[Extracted data entries]
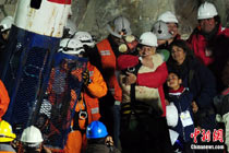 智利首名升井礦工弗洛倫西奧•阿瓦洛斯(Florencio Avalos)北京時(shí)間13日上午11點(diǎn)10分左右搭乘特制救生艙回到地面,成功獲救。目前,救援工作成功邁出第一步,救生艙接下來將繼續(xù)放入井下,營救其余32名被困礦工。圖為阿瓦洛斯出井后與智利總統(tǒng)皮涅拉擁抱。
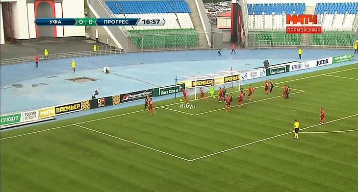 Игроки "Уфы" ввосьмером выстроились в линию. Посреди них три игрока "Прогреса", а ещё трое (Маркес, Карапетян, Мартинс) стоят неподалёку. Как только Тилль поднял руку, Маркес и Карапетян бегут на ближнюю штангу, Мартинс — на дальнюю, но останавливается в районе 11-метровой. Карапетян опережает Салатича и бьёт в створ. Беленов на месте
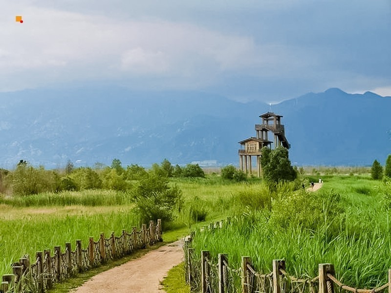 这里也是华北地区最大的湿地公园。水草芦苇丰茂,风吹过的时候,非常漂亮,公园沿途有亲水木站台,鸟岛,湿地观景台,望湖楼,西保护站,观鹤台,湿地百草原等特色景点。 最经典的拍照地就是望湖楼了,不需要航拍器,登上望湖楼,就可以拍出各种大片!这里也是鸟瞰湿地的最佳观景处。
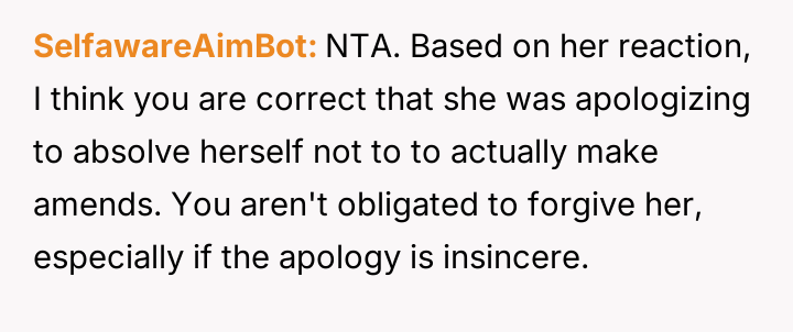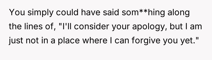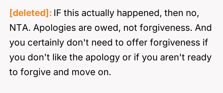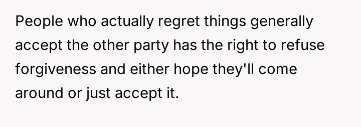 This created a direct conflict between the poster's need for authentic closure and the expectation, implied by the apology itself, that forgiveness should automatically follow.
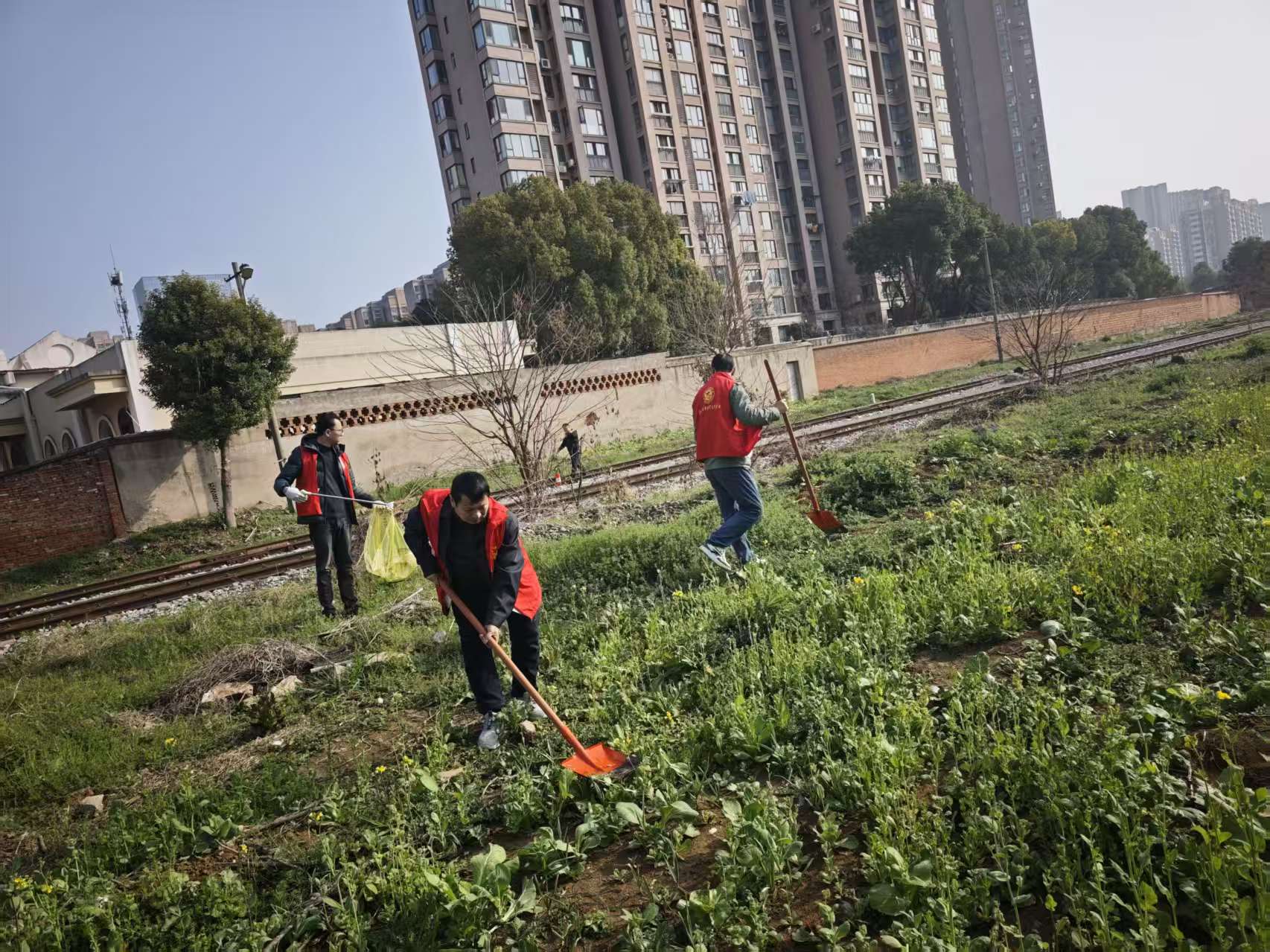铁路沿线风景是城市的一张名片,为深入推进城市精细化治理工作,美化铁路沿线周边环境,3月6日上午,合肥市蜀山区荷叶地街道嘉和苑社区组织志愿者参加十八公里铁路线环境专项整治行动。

• [Requirement]: Repeat all of the records verbatim, leaving out the pictures.

• [Exercise solution]:
 智利首名升井礦工弗洛倫西奧•阿瓦洛斯(Florencio Avalos)北京時(shí)間13日上午11點(diǎn)10分左右搭乘特制救生艙回到地面,成功獲救。目前,救援工作成功邁出第一步,救生艙接下來將繼續(xù)放入井下,營救其余32名被困礦工。圖為阿瓦洛斯出井后與智利總統(tǒng)皮涅拉擁抱。
 Игроки "Уфы" ввосьмером выстроились в линию. Посреди них три игрока "Прогреса", а ещё трое (Маркес, Карапетян, Мартинс) стоят неподалёку. Как только Тилль поднял руку, Маркес и Карапетян бегут на ближнюю штангу, Мартинс — на дальнюю, но останавливается в районе 11-метровой. Карапетян опережает Салатича и бьёт в створ. Беленов на месте
 这里也是华北地区最大的湿地公园。水草芦苇丰茂,风吹过的时候,非常漂亮,公园沿途有亲水木站台,鸟岛,湿地观景台,望湖楼,西保护站,观鹤台,湿地百草原等特色景点。 最经典的拍照地就是望湖楼了,不需要航拍器,登上望湖楼,就可以拍出各种大片!这里也是鸟瞰湿地的最佳观景处。
 This created a direct conflict between the poster's need for authentic closure and the expectation, implied by the apology itself, that forgiveness should automatically follow.
铁路沿线风景是城市的一张名片,为深入推进城市精细化治理工作,美化铁路沿线周边环境,3月6日上午,合肥市蜀山区荷叶地街道嘉和苑社区组织志愿者参加十八公里铁路线环境专项整治行动。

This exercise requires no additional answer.